The exhibition schedule is often marred by fisticuffs, usually by rookies or fringe players trying to grab the coaches' attention and prove they have the stuff to play at this level. Veterans, who aren't fond of preseason games anyway, don't often waste their energy. Not so on Sunday.

It began rather typically when two minor leaguers, Toronto's Jamie Devane and Buffalo's Corey Tropp, went at it just two seconds after a faceoff that followed a goal by Tropp. But it was a mismatch. Devane is five inches taller and 30 pounds heavier, and, to make matters worse, Tropp's helmet came off in the fight and he hit his bare head on the ice as he tried to pull Devane down, Devane getting in one last swing as the pair fell. Tropp, who had a chance to make the Sabres varsity, suffered a concussion and a broken jaw.

(Not coincidentally, the NHL is trying to keep helmets on fighters for just that reason as a safety measure -- yes, a safety measure in a fight, which is quite a concept. A new rule further penalizes players who purposely remove their headgear before throwing punches. That led to the comical dust-up last week when the Devils' Krys Barch and the Islanders' Brett Gallant conspired to remove each other's helmets, circumventing the new rule in the second of their three fights during a preseason game in New Jersey. The solution is really very easy: Once a fighter's helmet comes off, however it happens, the linesmen must step in and stop the fight. How this has eluded the NHL is a mystery.)

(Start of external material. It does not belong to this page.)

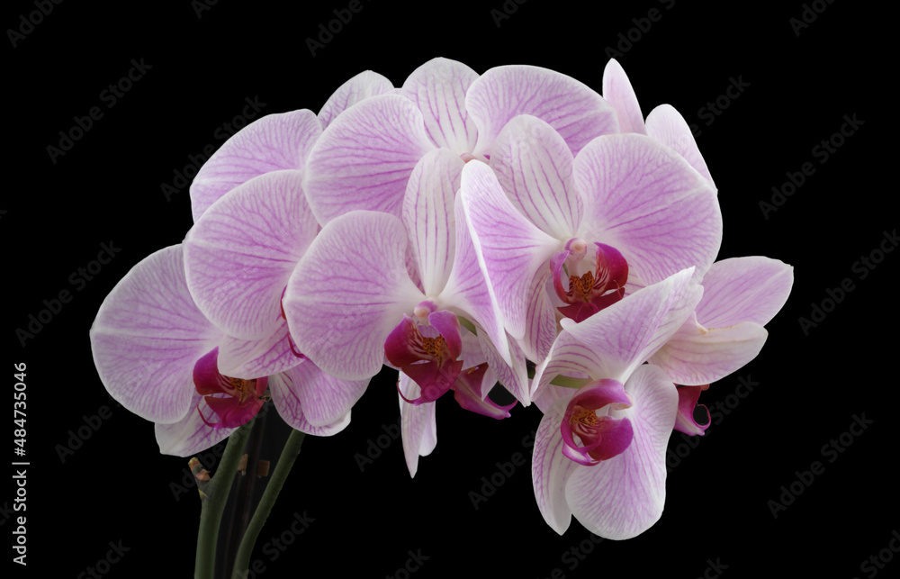 Pink phalaenopsis orchid flower on black. Selective soft focus. Minimalist still life. Light and shadow nature horizontal background.
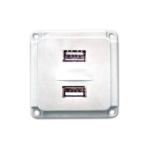 Gniazdo USB Mobile Plus dual, o napięciu 5 V i natężeniu 2 A.Białe, z niebieskim podświetleniem.Kompatybilne z serią GALA XL.Niekompatybilne z urządzeniami iOS.

Well, the Sabres, who are on a mission to recast themselves as a team that won't be pushed around, weren't going to stand for one of their teammates getting beat up by a larger foe. Before the puck was dropped again, coach Ron Rolston sent out John Scott, who is 6-foot-8, 270 pounds and in has scored only one NHL career goal in 180 games but has totaled 305 penalty minutes. His role on the team is obvious and, as Scott said later, "I knew I had to kinda have a response for what happened the shift before ... I would have gone after whoever they put up next to me."

Leafs coach Randy Carlyle didn't send out one of his tough guys to engage Scott, however. He tried to diffuse the situation by sending out his top line, including his best player, Phil Kessel, who is not only much smaller -- most hockey players are smaller than John Scott -- but also not a guy who fights at all. Kessel lined up next to Scott, and before the faceoff, Scott told Kessel "Phil, we're going to have to go here, just to let you know."

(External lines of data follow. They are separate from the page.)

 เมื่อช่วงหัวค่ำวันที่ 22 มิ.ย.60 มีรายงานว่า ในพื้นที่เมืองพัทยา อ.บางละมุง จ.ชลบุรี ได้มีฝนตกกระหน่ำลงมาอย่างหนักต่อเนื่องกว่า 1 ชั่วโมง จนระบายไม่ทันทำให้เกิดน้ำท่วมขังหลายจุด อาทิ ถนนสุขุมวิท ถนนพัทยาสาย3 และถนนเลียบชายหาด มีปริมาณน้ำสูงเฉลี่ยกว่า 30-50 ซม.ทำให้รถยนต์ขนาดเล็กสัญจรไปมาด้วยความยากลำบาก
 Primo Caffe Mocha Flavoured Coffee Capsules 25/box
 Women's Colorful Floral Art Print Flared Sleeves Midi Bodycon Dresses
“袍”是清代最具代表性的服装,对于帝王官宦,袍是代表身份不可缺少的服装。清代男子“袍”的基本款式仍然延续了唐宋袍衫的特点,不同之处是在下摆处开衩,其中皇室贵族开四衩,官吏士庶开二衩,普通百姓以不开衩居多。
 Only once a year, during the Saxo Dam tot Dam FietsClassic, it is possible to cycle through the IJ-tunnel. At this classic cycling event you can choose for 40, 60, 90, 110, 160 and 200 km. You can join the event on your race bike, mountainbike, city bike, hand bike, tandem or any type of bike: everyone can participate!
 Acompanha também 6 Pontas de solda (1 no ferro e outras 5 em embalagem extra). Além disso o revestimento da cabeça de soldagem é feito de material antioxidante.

"I wasn't going to try and hurt him," Scott said. "I was just trying to send a message ... I was just doing my job."

Hockey fighters supposedly live by an unwritten "code," and part of it dictates that you fight in your weight class and there will be retribution if you don't. Yet, another part of it is that goons don't fight skill players. If such a code actually exists -- and some consider it a myth to justify mayhem -- Scott decided to enforce it and violate it at the same time.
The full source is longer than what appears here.